Jimmie Ireland
- Born: James Cecil Hardin Ireland 10 December 1903 Glasgow, Scotland
- Died: 25 October 1998 (aged 94) Polmont, Scotland

Rugby union career
- Position: Hooker

Amateur team(s)
- Years: Team / Apps / (Points)
- Glasgow HSFP

Provincial / State sides
- Years: Team / Apps / (Points)
- 1924: Glasgow District

International career
- Years: Team / Apps / (Points)
- Scotland U16
- 1925-27: Scotland / 11 / (0)
- 1936: Barbarians

Refereeing career
- Years: Competition /  / Apps
- 1938-39: Home Nations /  / 5

64th President of the Scottish Rugby Union
- In office 1950–1951
- Preceded by: Hamish Shaw
- Succeeded by: Dan Drysdale

= Jimmie Ireland =

Scotland international rugby union player & referee

Jimmie Ireland (10 December 1903 - 25 October 1998) was a Scotland international rugby union player. He became the 64th President of the Scottish Rugby Union.

==Rugby Union career==

===Amateur career===

Ireland was born in Sauchiehall Street and went to Garnethill Primary. He then attended Glasgow High School.

He played for Glasgow HSFP.

The Jimmie Ireland stand at the Glasgow club was opened in 2000.

===Provincial career===

He played for Glasgow District in the 1924 inter-city match.

===International career===

He was capped at the age of 14 for Scotland Schools.

He received ten caps for Scotland from 1925 to 1927.

He was the last surviving member of Scotland's first Grand Slam side of 1925. In 1996, he opened a block of hospitality suites at Murrayfield Stadium each one bearing a name of that famous XV.
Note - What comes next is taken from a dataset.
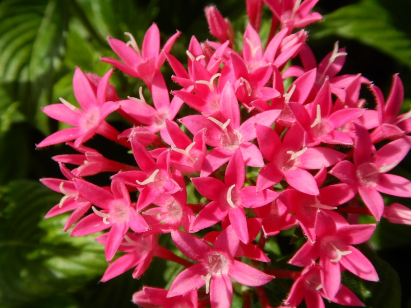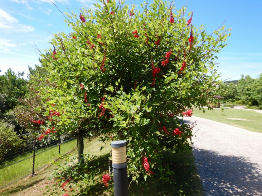 カンナ、ノウゼンカズラのオレンジ色、そしてこのサンゴシトウの赤色。海のテラス周辺は夏っぽい色満載。

He swapped jerseys with Sam Tucker, the England hooker, after Scotland had beaten England at Twickenham in 1926. He was given a bill by the SRU for the loss of the Scotland jersey of 12 shillings and 6 pence.

===Referee career===

He was an international referee. He refereed 5 Home Nations Championship matches between 1938 and 1939.

===Administrative career===

He became President of Glasgow HSFP.

He was a Chairman of the International Rugby Board. As Chairman, in 1949, he saw that Australia, South Africa and New Zealand were admitted as full members for the first time.

He was President of the Scottish Rugby Union for the period 1950 to 1951.

==Outside of rugby==

Ireland was an accountant. An anecdote he often told at rugby dinners was the time he asked his boss for Saturday morning off as he was playing for Scotland at Murrayfield. His boss replied: 'What? The whole morning?'.